◆ What you need to do ◆
The reply should contain every line of the data, repeated exactly, and no pictures.

Stored items from a collection
* * * * * * *

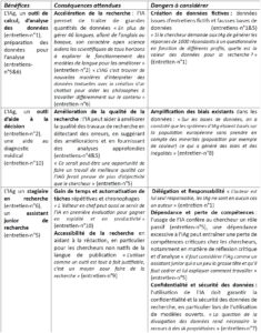 Tableau 1 : L’IAg un outil pour la recherche : des bénéfices mais aussi des dangers
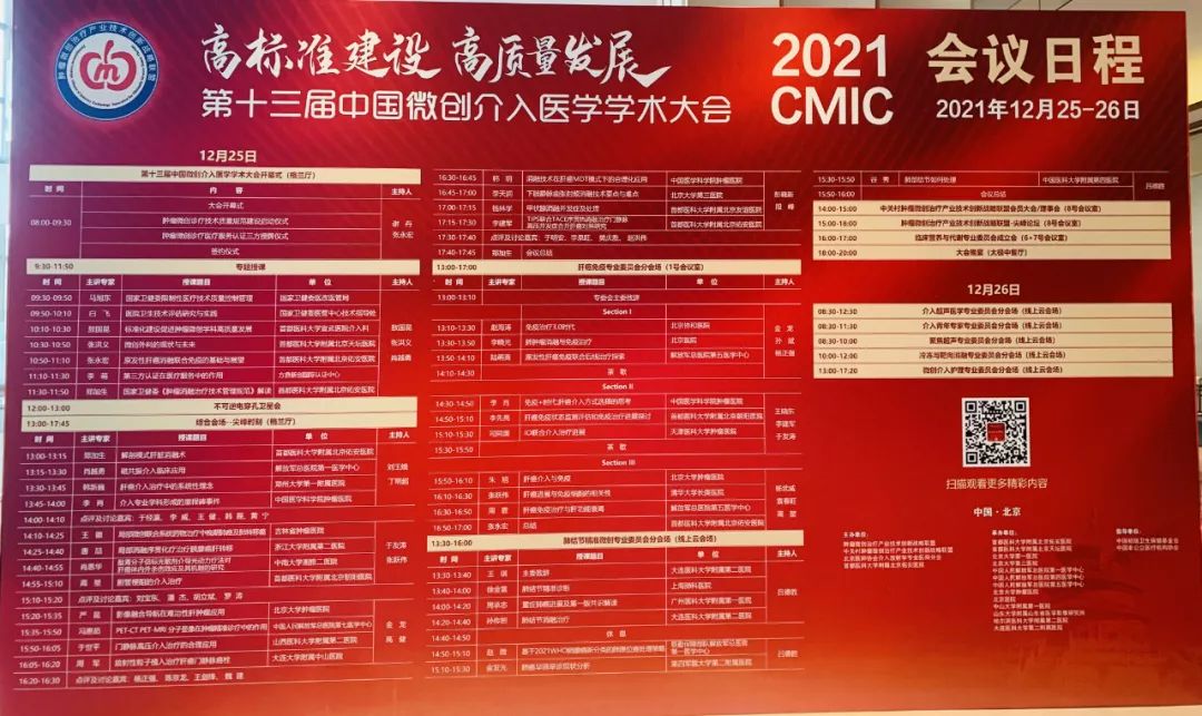 2021年12月25日,由國(guó)家腫瘤微創(chuàng)聯(lián)盟等單位主辦的第十三屆中國(guó)微創(chuàng)介入醫(yī)學(xué)學(xué)術(shù)大會(huì)(2021CMIC)于北京隆重召開(kāi)。
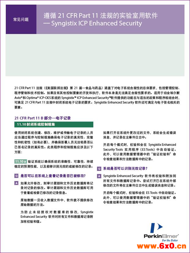 珀金埃尔默以满足21 CFR Part 11 法规中封闭系统电子记录与电子签名相关要素的Syngistix Enhanced Security 软件为例,为您全方位解析一款合规的实验室软件,编制了《常见问题问答合集》
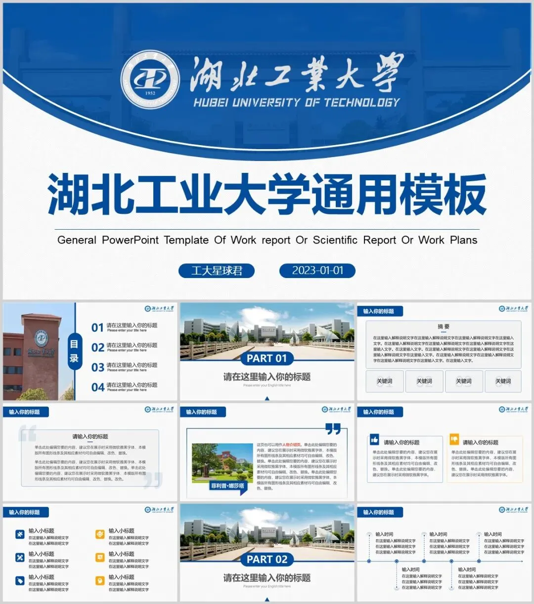 “湖北工业大学”PPT模板来了~
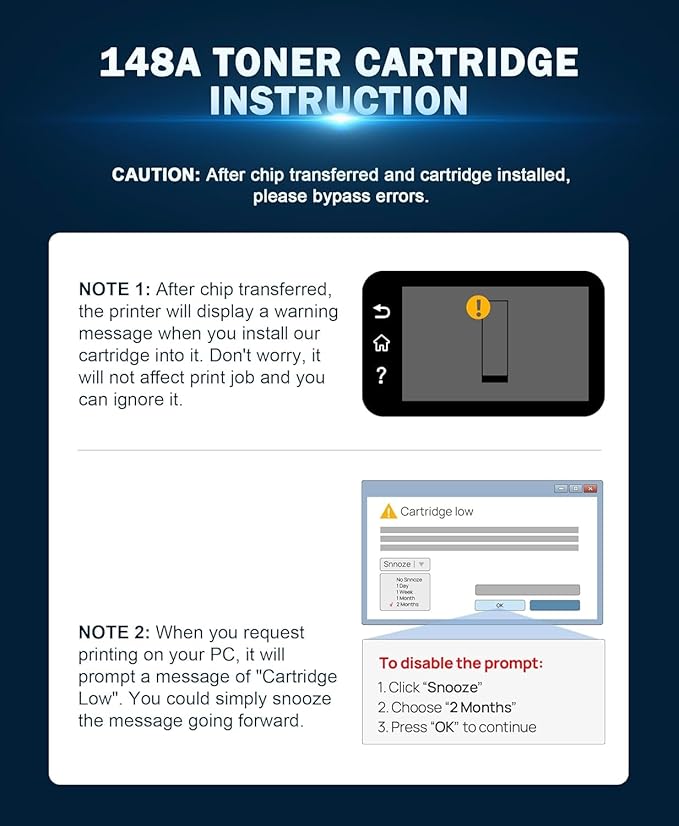 - No Chip: Make sure you have the OEM 148A toner cartridge and follow the instructions to remove it from OEM toner and install it to our product (๐๐จ๐ฎ ๐๐จ๐ฎ๐ฅ๐ ๐๐ข๐ง๐ ๐ญ๐ก๐ ๐ข๐ง๐ฌ๐ญ๐ซ๐ฎ๐๐ญ๐ข๐จ๐ง๐ฌ ๐ข๐ง ๐ฌ๐ข๐๐ ๐ฉ๐ข๐๐ญ๐ฎ๐ซ๐ ๐๐ง๐ ๐+ ๐๐จ๐ง๐ญ๐๐ง๐ญ)

* * * * * * *

◆ Answer to this task ◆
 Tableau 1 : L’IAg un outil pour la recherche : des bénéfices mais aussi des dangers
 2021年12月25日,由國(guó)家腫瘤微創(chuàng)聯(lián)盟等單位主辦的第十三屆中國(guó)微創(chuàng)介入醫(yī)學(xué)學(xué)術(shù)大會(huì)(2021CMIC)于北京隆重召開(kāi)。
 珀金埃尔默以满足21 CFR Part 11 法规中封闭系统电子记录与电子签名相关要素的Syngistix Enhanced Security 软件为例,为您全方位解析一款合规的实验室软件,编制了《常见问题问答合集》
 “湖北工业大学”PPT模板来了~
 - No Chip: Make sure you have the OEM 148A toner cartridge and follow the instructions to remove it from OEM toner and install it to our product (๐๐จ๐ฎ ๐๐จ๐ฎ๐ฅ๐ ๐๐ข๐ง๐ ๐ญ๐ก๐ ๐ข๐ง๐ฌ๐ญ๐ซ๐ฎ๐๐ญ๐ข๐จ๐ง๐ฌ ๐ข๐ง ๐ฌ๐ข๐๐ ๐ฉ๐ข๐๐ญ๐ฎ๐ซ๐ ๐๐ง๐ ๐+ ๐๐จ๐ง๐ญ๐๐ง๐ญ)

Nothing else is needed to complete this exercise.